From a 1949 Woman’s Day, a homemaker declares her love of smidgens of vegetables, plops of potatoes, spoonfuls of rice and cubed meats when reheated in a sauce made piquant with 3 tablespoons French’s mustard.

In 1942, Leftovers were considered so integral to cookbooks, the category was a separate chapter.
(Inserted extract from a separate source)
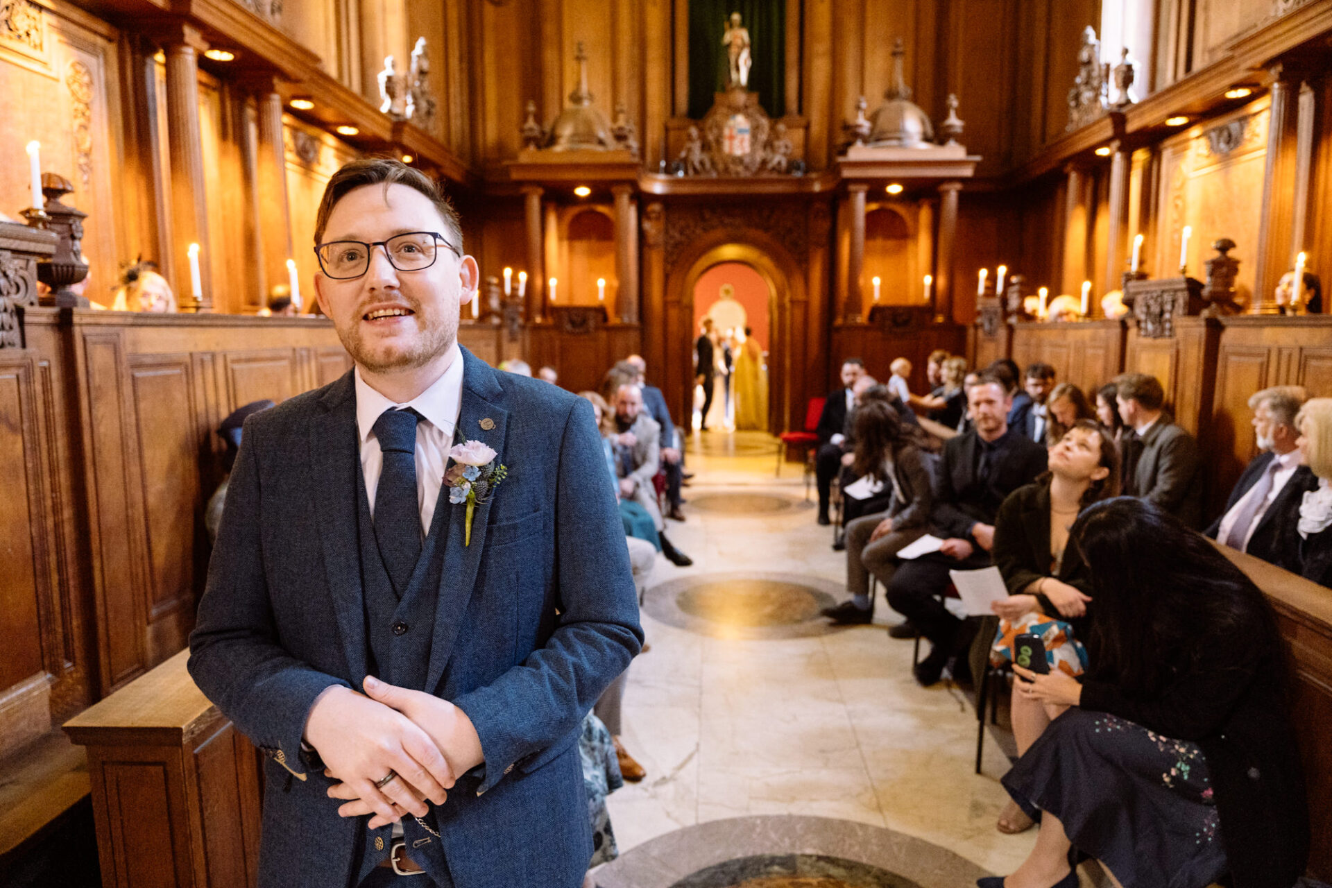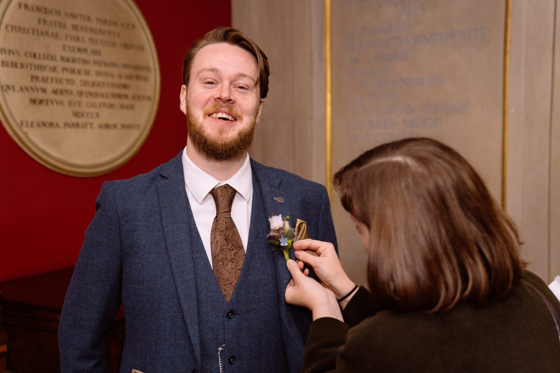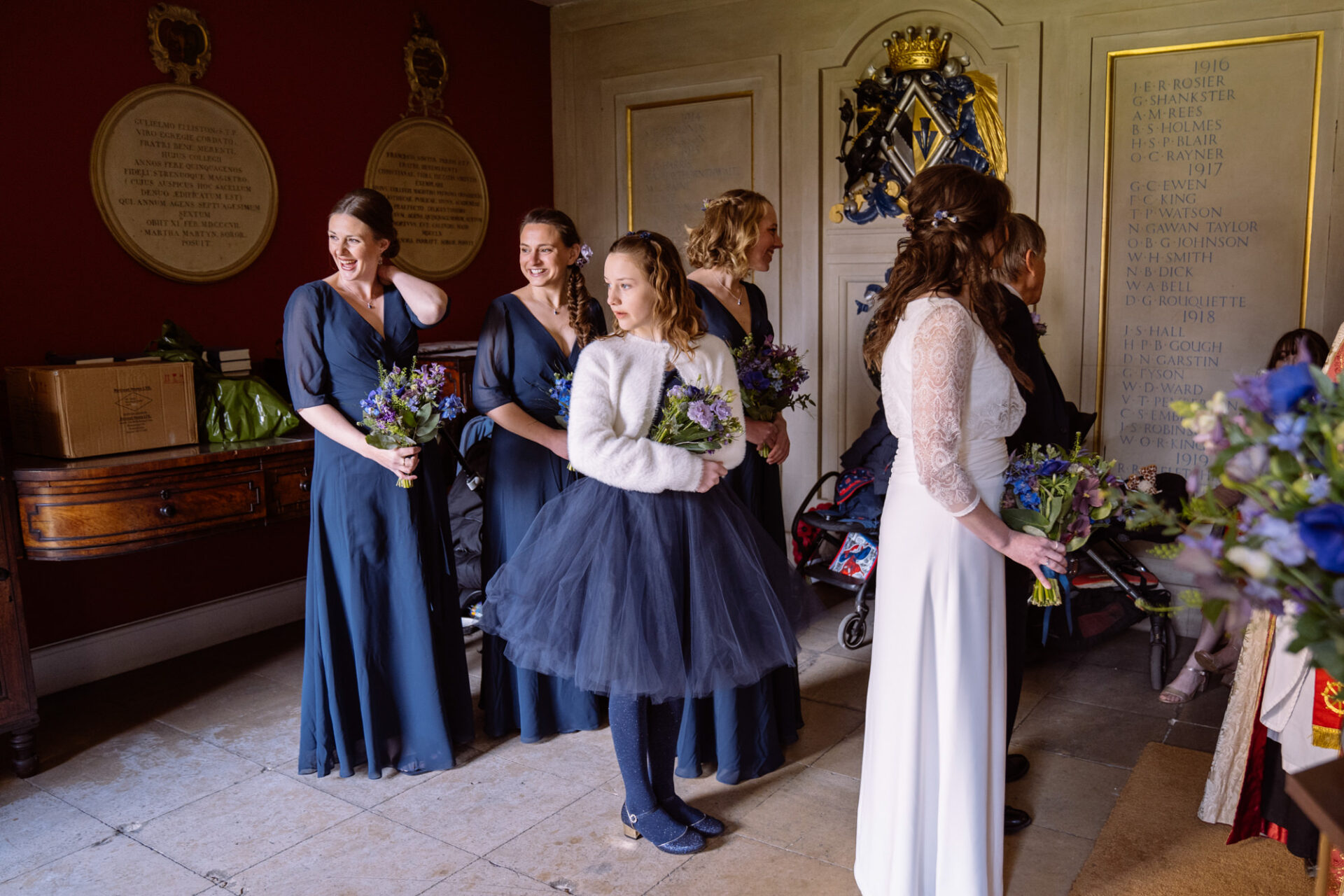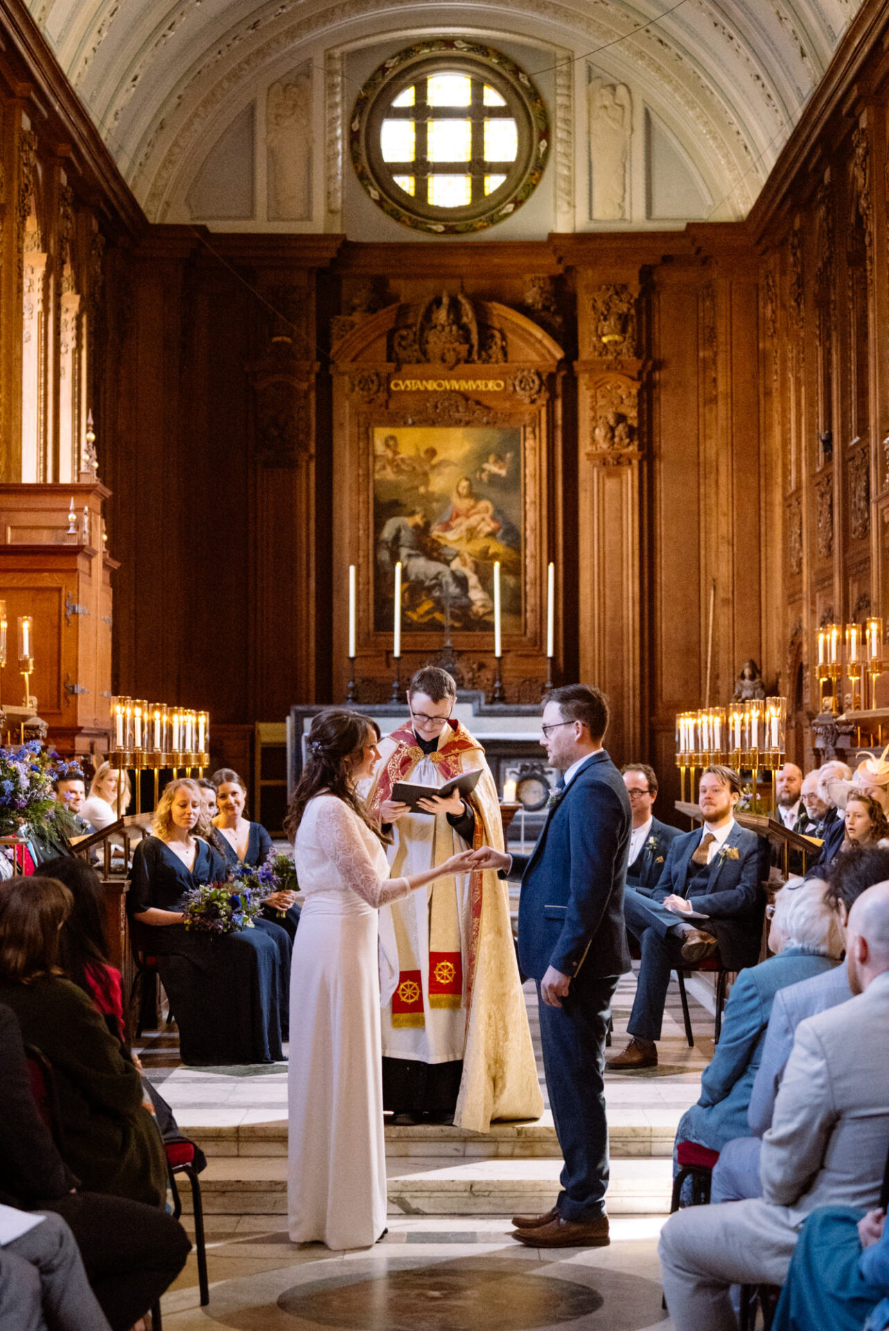 Before this wedding, I was aware of the well-known phrase ‘April Showers’. I wasn’t aware though that this referred to snow! Indeed, whilst we were shooting the formal groups outside the college chapel, the sunshine tunred to chilly snowflakes! One minute out newlyweds were hand in hand on the lawn, the next they’re sheltering in a 16th century doorway!

Leftover cereal? “When you have leftover cooked cereal, turn it into a glass, chill well, slice, saute to a golden brown as in Fried Mush, p. 156, and serve hot with butter, molasses, honey, syrup or jelly … or serve instead of potatoes with sausage, bacon, etc., for luncheon.” What mileage from

such humble food stuffs.

My red metal box may be of some monetary value, but to me, it’s true worth is in the recipe cards, which are like little windows into the lives of women of earlier generations…who were geniuses when it came to turning a little into something special.

Saturday Night Special

1 lb. ground beef
1 can pork & beans (1 lb 7 oz. size)
1 no. 303 can tomatoes (drained)
1 tsp. salt
1 large onion thinly sliced
2 slices bacon
1/4 c. brown sugar
Brown meat in hot skillet with no added fat.
Then add the beans, tomatoes & salt. Pour half of mixture in a baking dish. Add layer of onions and top with remaining mixture. Top with strips of bacon. Sprinkle with brown sugar. Bake in moderate oven 350 degrees 1 hr.
Can be cooked in a skillet on top of stove.

xxea
Tie One On…an apron, of course!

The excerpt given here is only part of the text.